[Opening DATASET RECORDS section]

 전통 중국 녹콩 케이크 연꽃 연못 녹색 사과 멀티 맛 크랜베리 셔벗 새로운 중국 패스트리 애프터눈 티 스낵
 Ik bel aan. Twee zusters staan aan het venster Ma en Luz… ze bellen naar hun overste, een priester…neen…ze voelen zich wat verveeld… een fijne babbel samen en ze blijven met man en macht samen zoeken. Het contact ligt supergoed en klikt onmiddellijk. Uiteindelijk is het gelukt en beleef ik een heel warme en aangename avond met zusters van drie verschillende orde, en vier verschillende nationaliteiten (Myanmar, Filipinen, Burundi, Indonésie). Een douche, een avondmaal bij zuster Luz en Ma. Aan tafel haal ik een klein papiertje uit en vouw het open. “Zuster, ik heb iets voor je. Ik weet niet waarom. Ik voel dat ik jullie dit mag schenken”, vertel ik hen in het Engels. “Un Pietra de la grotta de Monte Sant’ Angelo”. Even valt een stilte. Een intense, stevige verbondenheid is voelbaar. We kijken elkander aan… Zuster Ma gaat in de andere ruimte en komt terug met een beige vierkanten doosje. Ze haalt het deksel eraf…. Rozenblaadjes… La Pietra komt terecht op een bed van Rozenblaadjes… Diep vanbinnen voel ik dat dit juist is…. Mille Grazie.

[Closing DATASET RECORDS section]
[Opening DATASET RECORDS section]

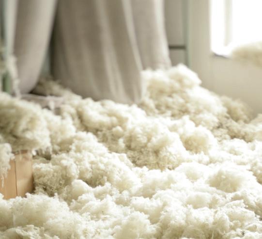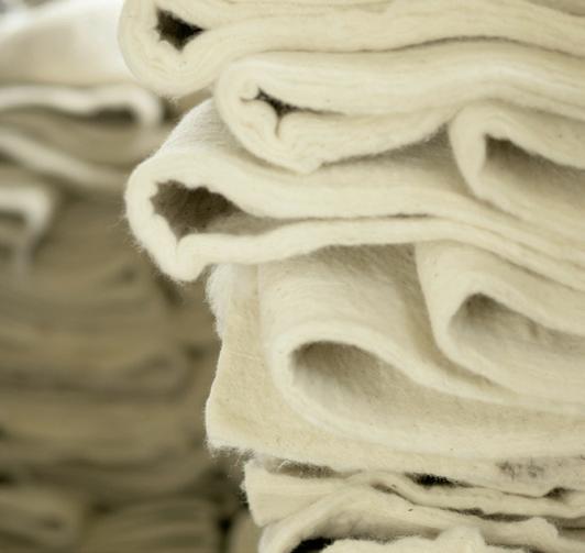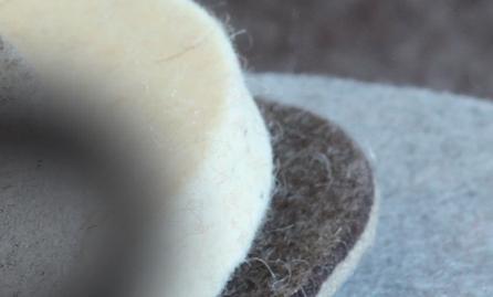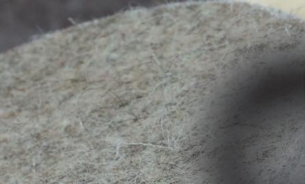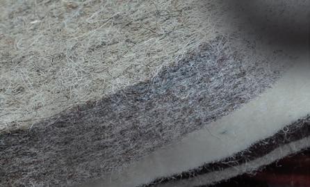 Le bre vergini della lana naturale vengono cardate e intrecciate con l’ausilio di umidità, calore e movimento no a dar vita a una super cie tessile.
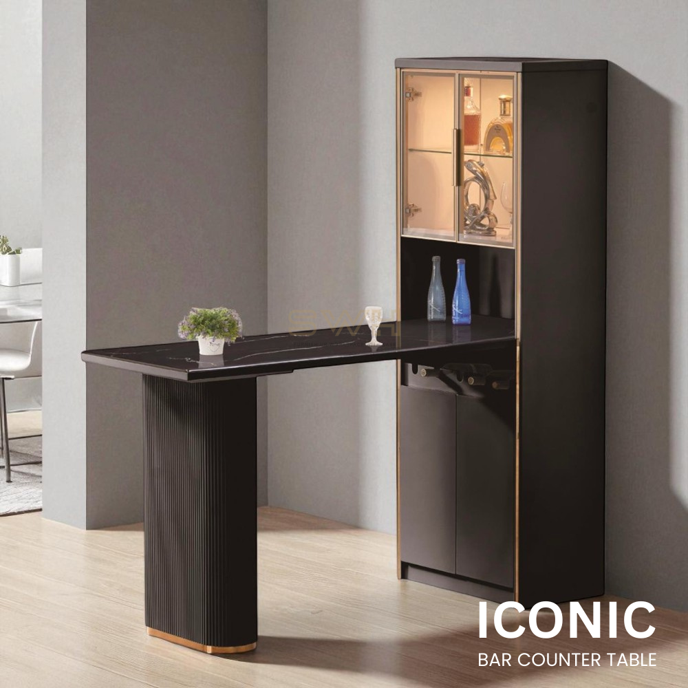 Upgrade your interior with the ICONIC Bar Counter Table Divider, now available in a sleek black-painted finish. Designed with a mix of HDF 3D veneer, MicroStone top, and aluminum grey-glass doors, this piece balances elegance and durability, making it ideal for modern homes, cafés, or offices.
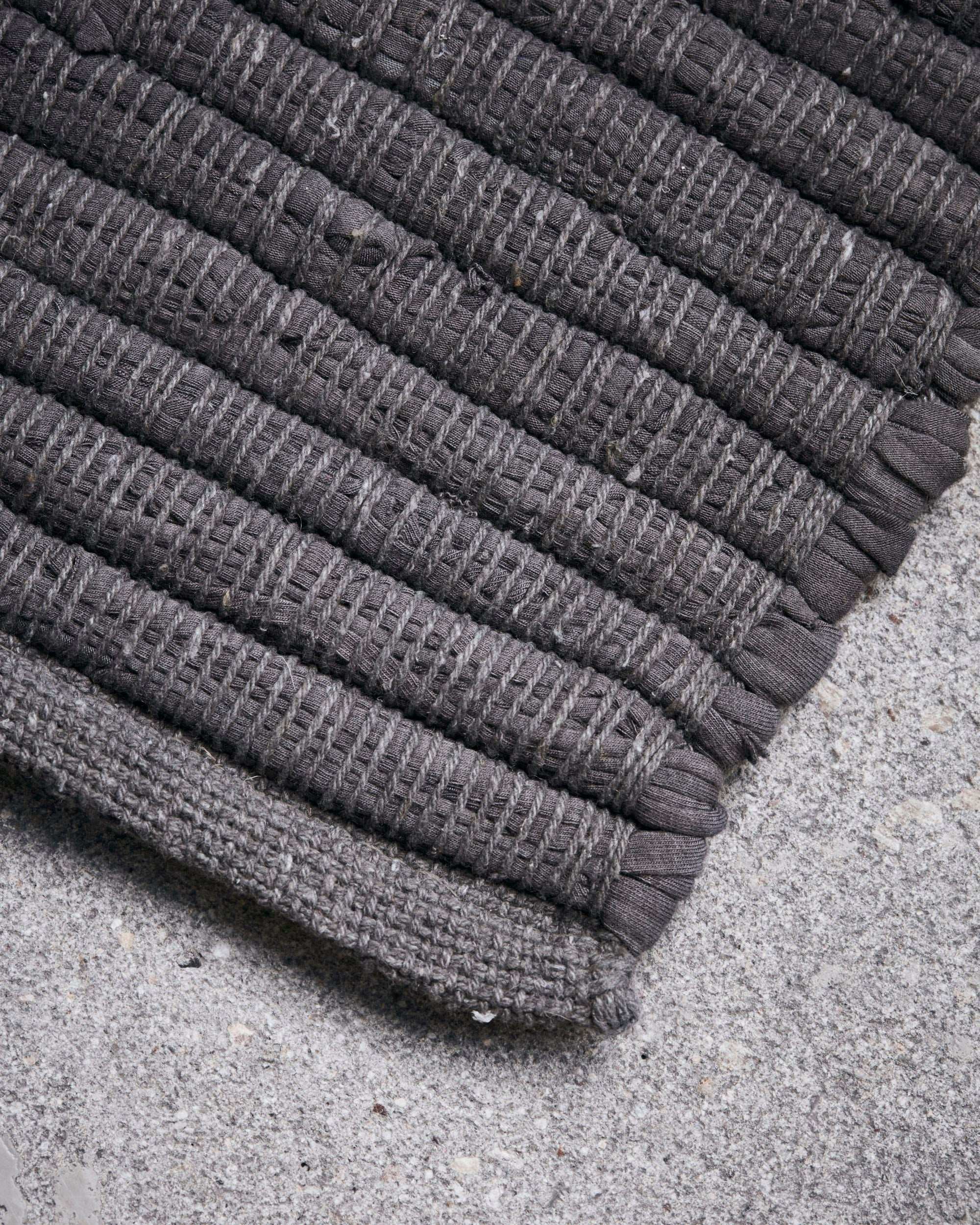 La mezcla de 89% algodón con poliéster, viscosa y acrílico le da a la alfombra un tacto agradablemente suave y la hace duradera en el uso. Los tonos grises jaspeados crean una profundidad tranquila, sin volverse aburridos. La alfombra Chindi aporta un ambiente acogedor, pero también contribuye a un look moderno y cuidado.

[Closing DATASET RECORDS section]
[Opening DATASET RECORDS section]

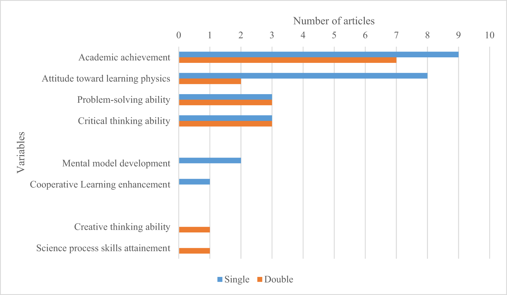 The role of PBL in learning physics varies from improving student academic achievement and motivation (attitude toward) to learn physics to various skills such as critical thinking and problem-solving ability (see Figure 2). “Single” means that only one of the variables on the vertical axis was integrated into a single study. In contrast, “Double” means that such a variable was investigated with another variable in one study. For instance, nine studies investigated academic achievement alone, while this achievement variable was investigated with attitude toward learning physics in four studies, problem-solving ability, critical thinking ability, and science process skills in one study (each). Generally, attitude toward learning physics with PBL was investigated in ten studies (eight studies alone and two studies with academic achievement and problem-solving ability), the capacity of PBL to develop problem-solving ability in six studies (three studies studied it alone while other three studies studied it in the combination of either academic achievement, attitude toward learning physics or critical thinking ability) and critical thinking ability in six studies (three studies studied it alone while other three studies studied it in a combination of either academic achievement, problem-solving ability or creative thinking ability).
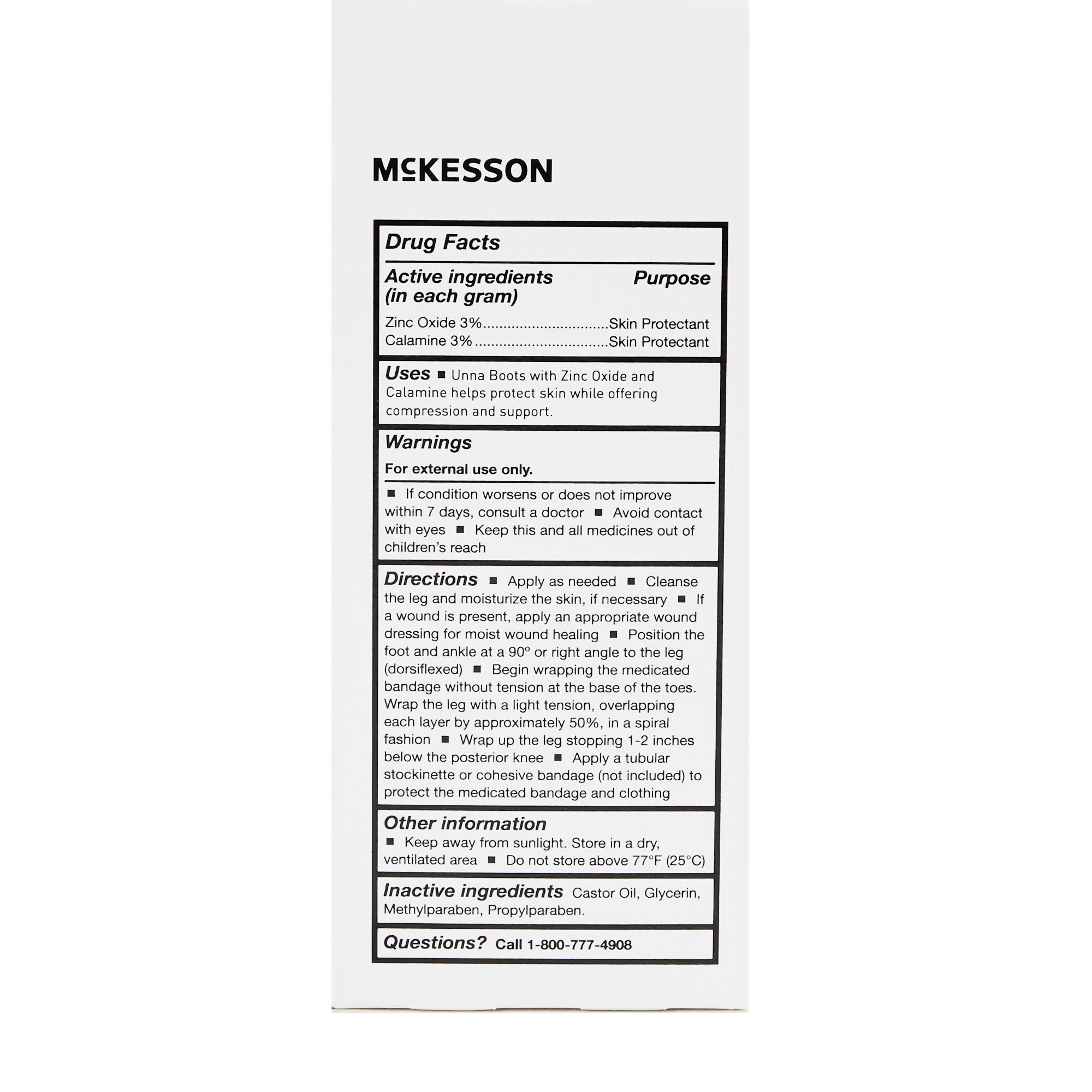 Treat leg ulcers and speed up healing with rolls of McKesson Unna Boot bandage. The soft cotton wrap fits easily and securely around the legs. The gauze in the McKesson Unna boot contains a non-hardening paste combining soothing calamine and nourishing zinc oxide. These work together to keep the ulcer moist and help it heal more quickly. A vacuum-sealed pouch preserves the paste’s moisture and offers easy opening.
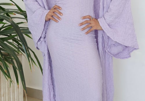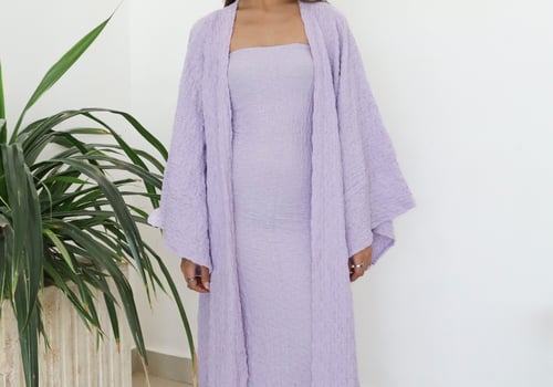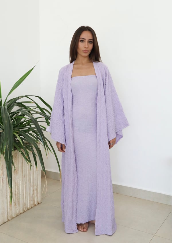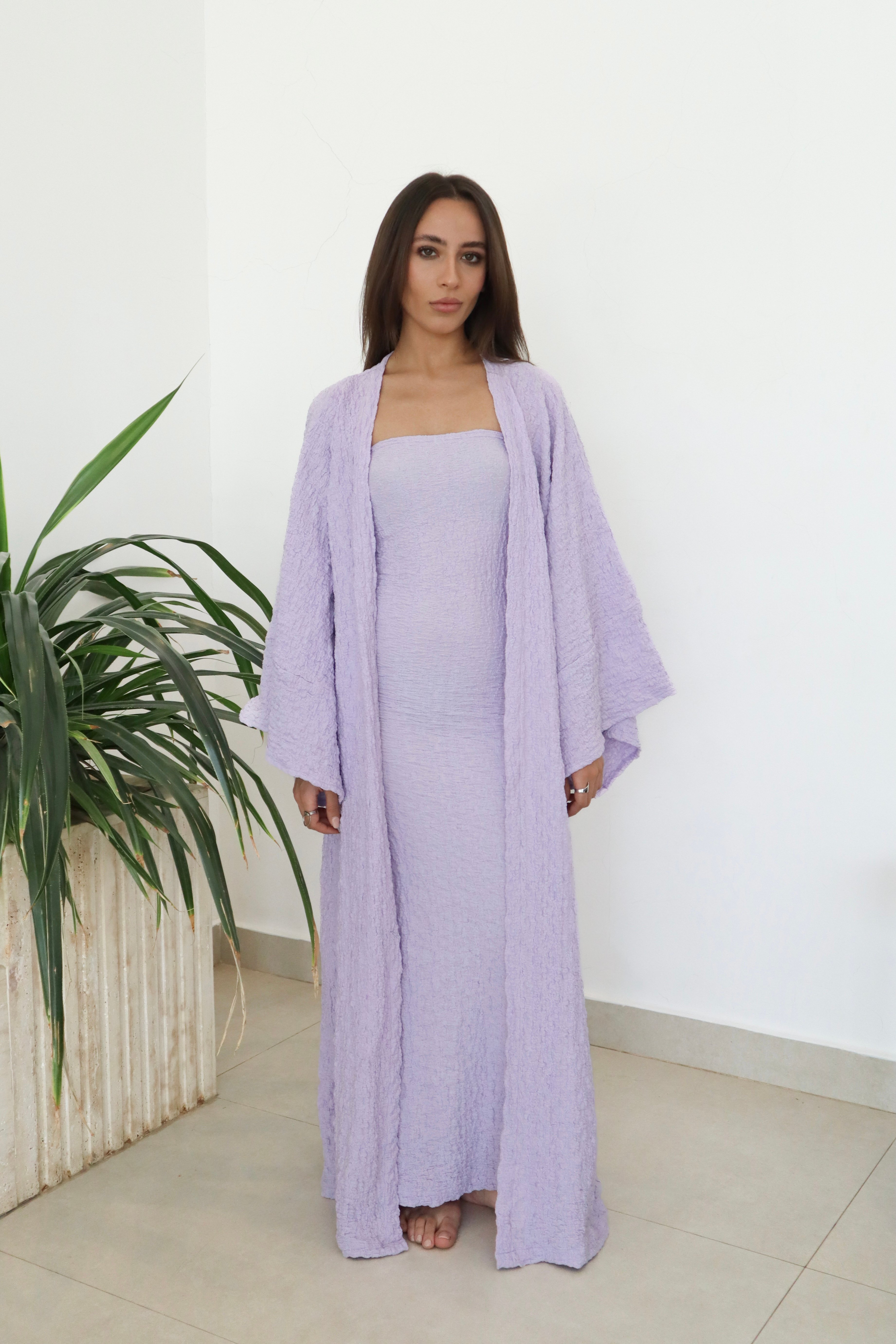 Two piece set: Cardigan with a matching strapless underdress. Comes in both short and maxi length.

[Closing DATASET RECORDS section]

- TRY IT: Return the material from the line containing "Le bre vergini" through the line containing "La mezcla de", exactly and in full, but without its pictures.

- SOLUTION TO THIS TASK:
 Le bre vergini della lana naturale vengono cardate e intrecciate con l’ausilio di umidità, calore e movimento no a dar vita a una super cie tessile.
 Upgrade your interior with the ICONIC Bar Counter Table Divider, now available in a sleek black-painted finish. Designed with a mix of HDF 3D veneer, MicroStone top, and aluminum grey-glass doors, this piece balances elegance and durability, making it ideal for modern homes, cafés, or offices.
 La mezcla de 89% algodón con poliéster, viscosa y acrílico le da a la alfombra un tacto agradablemente suave y la hace duradera en el uso. Los tonos grises jaspeados crean una profundidad tranquila, sin volverse aburridos. La alfombra Chindi aporta un ambiente acogedor, pero también contribuye a un look moderno y cuidado.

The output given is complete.